Anne-Laure Le Cunff: [00:36:52] Oh, absolutely. I, um, I call this the maximalist brain, and it’s our tendency to think that we really need to always go for the biggest, most impactful version of whatever project we’re starting. And and I see that when people design experiments, and this is why I tell them, don’t get started yet. Go back to that place of observation and have a look, because very often you’ll find very fun, interesting things that could be, you know, the the basis for an experiment that might not be the big ambition, the big change that you had thought about in the first place. So in terms of the kind of experiments that you can run, you can think about different categories in your life as well. So that could be in your work. A lot of people do that with the way they manage their time, their productivity, their schedule, their meetings. So those are some of the the easiest ones sometimes to run, and especially if you’re in the kind of work where you have a little bit of freedom over the way you organize your time, you can experiment with relationships. So I’ve seen people experiment with saying, okay, for the next two months, every two weeks we’re going to go on a date with my spouse, and we’re going to alternate, and one of us is going to organize it for the other one.
Anne-Laure Le Cunff: [00:38:07] And the great thing about that is that you’re not committing to it for the rest of your life, right? You’re just saying, let’s do it for two months, and at the end of the two months, we can decide if we want to keep going or not. Another relationship one is the one I mentioned earlier about reaching out to friends you haven’t talked to for with in a world that’s a good one too. You can experiment with your studies, with your health. You can experiment with even where you live. A lot of people will want to make a big move to another city. If you can, and especially if you’re in a remote job, it might be interesting to go and experiment and say, for the next year, I will spend one weekend in a different city every month, and I’m going to go and see if I like it. If you can afford to do that, that’s the kind of travel experiment that you can run. So you can really run experiments in all areas of your life. And whenever you’re in doubt in terms of the scope and the duration, always try to think, tiny. What’s the tinier version of this that I can run?

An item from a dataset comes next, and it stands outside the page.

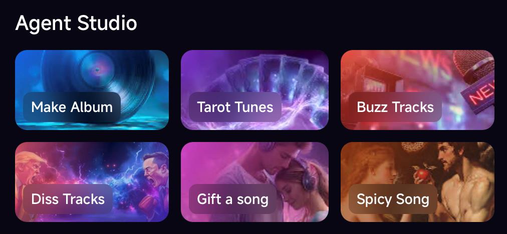 The initial release introduces six dedicated agents, each crafted for a distinct form of musical expression: Buzz Tracks, Tarot Tunes, Diss Tracks, Gift a Song, Spicy Song, and Make Album.

Jonathan Fields: [00:39:05] Yeah, I love that. So let’s dive into the duration side of it a little bit more. Also, as we’re having this conversation, I’m in Boulder, Colorado, But I spent literally my entire life in New York and my entire adult life in New York City for 30 years. And we came out here as a family in September 2020, after New York was a very scary place, and we looked at it as an experiment. We’re kind of like, you know what? We’re going to come out here for 2 or 3 months just to see how it feels. And we pretty much assumed that we would love it. But, you know, we’re New Yorkers. We’ll go back. Um, and, you know, four and a half years later, I’m still in Boulder and we’re still here. But had we I mean, this this goes to what you’re saying, the psychology of the duration. Had we at that moment said, okay, let’s move to Boulder, Colorado, we would have probably looked at each other and said, not happening. There’s just no way. It’s too big. It’s too disruptive. But we ran this, you know, in our minds, we were committing to a couple of months, and that led us to say yes to making the change in behavior. So take me, take me deeper Into how we think about choosing what feels like a psychologically sustainable commitment for duration, but also something that’s maybe long enough for us to experience to gather the data that we need to actually like, like run a successful experiment.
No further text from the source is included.